▶ [AIM OF THE EXERCISE]: In the records below, find the line with "Hot sale AS300" and repeat exactly every line from it through the line with "Choose a season". Pictures stay out.

BEGIN THE DATA

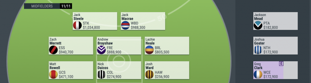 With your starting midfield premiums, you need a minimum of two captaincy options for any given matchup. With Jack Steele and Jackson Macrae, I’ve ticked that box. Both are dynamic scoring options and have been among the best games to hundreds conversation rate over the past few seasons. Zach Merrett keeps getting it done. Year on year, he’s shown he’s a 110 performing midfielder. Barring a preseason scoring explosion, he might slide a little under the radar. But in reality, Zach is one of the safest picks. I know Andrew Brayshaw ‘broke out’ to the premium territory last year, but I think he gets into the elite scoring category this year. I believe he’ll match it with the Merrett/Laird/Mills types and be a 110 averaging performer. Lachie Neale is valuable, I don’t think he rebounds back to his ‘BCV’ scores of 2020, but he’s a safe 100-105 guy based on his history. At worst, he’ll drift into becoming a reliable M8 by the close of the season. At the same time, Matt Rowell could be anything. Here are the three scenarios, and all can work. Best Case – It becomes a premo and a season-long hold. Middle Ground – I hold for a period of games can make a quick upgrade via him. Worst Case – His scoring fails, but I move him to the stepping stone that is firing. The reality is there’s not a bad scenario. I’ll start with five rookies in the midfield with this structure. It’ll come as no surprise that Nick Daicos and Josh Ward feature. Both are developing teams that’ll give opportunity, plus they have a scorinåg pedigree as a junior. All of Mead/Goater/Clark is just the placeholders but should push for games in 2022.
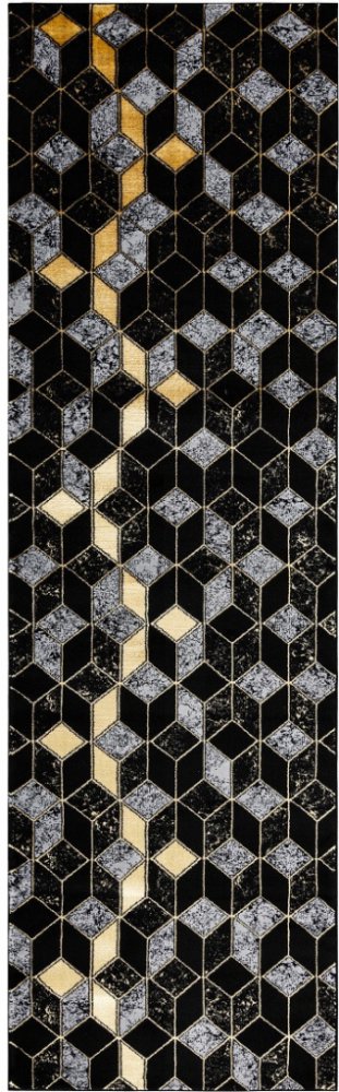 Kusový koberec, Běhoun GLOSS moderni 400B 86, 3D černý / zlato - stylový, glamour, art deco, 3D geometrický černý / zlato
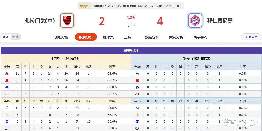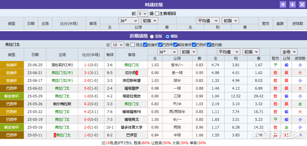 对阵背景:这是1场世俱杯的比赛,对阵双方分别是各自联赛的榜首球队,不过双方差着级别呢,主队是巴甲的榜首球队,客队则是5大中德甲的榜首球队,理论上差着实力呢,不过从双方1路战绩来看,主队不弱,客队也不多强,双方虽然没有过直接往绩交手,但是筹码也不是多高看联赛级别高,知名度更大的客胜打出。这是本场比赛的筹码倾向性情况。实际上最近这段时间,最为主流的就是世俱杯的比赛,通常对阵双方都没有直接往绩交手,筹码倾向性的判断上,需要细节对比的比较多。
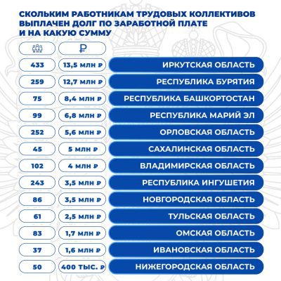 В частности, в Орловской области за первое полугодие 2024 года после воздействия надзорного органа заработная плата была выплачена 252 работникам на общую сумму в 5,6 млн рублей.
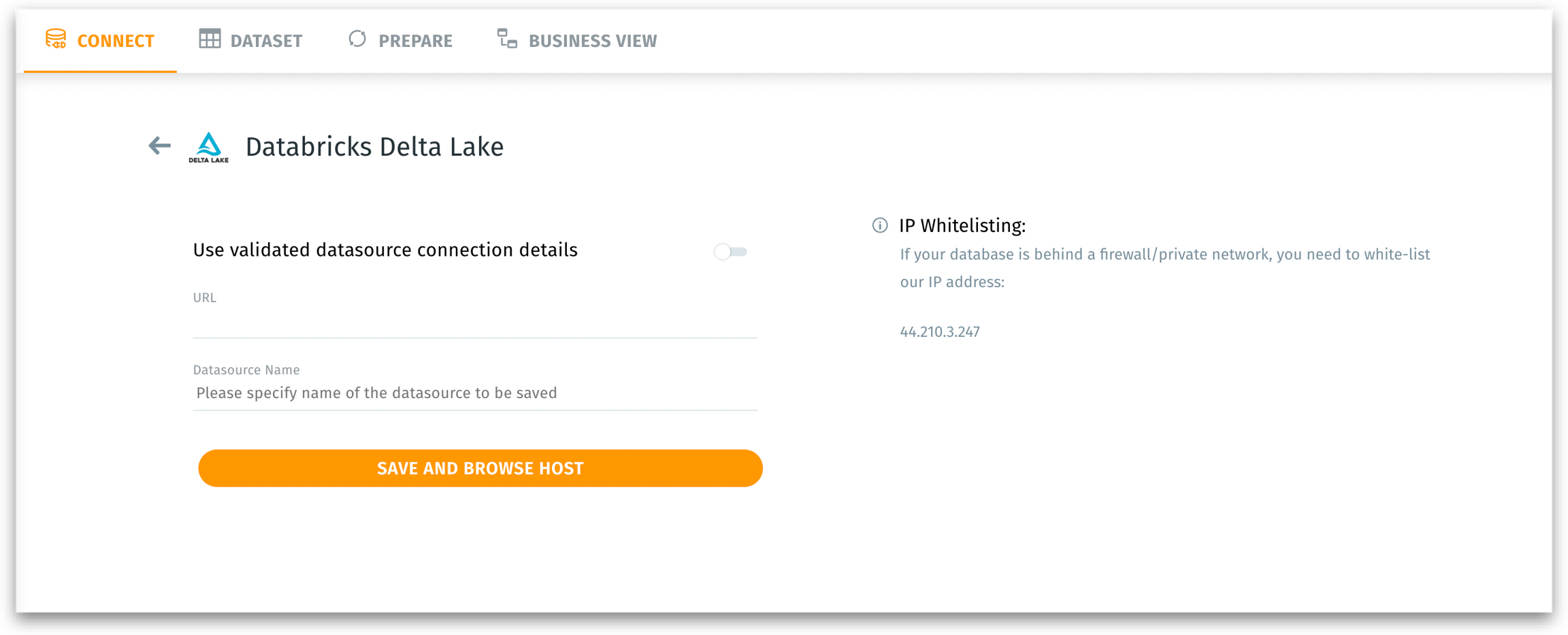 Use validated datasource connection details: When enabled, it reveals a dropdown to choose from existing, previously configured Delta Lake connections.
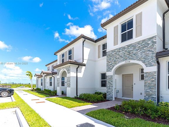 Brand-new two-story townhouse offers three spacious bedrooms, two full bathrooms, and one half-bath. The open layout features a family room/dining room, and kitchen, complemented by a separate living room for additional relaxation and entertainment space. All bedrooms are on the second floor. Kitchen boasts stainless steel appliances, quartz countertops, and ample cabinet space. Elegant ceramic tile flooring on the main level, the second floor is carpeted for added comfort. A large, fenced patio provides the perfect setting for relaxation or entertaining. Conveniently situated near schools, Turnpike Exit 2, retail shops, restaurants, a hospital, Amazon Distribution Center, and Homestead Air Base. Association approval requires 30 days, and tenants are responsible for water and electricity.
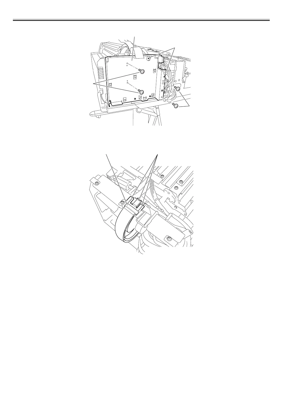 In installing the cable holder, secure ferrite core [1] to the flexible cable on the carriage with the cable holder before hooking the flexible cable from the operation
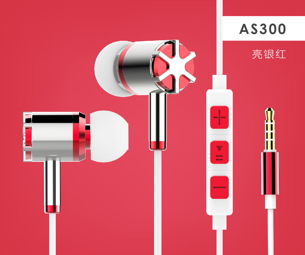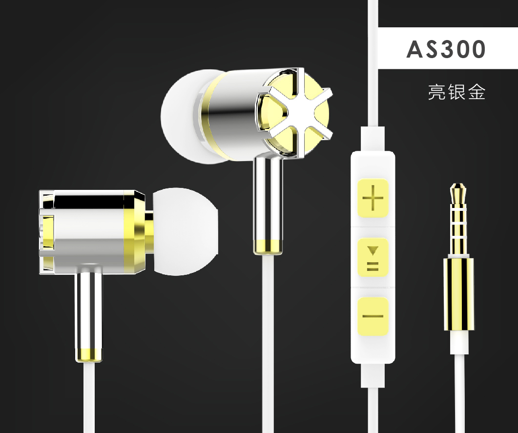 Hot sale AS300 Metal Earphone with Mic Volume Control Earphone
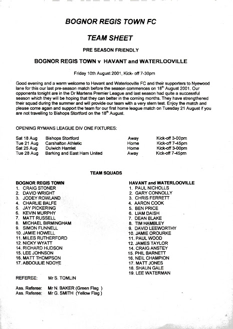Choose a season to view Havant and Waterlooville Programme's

END THE DATA
BEGIN THE DATA

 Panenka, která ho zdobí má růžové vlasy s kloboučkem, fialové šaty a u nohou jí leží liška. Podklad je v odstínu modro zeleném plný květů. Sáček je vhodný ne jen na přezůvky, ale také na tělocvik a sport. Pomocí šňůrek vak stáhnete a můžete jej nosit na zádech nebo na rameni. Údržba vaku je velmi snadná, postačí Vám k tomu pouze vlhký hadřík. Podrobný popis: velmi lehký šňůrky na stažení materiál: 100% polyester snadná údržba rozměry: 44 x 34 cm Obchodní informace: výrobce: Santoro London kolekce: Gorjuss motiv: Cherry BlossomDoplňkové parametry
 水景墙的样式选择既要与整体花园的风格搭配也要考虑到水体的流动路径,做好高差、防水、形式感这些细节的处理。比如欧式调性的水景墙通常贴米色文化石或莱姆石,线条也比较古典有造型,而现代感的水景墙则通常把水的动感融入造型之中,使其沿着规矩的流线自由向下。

END THE DATA

▶ [RESULT OF THIS TASK]:
 Hot sale AS300 Metal Earphone with Mic Volume Control Earphone
Choose a season to view Havant and Waterlooville Programme's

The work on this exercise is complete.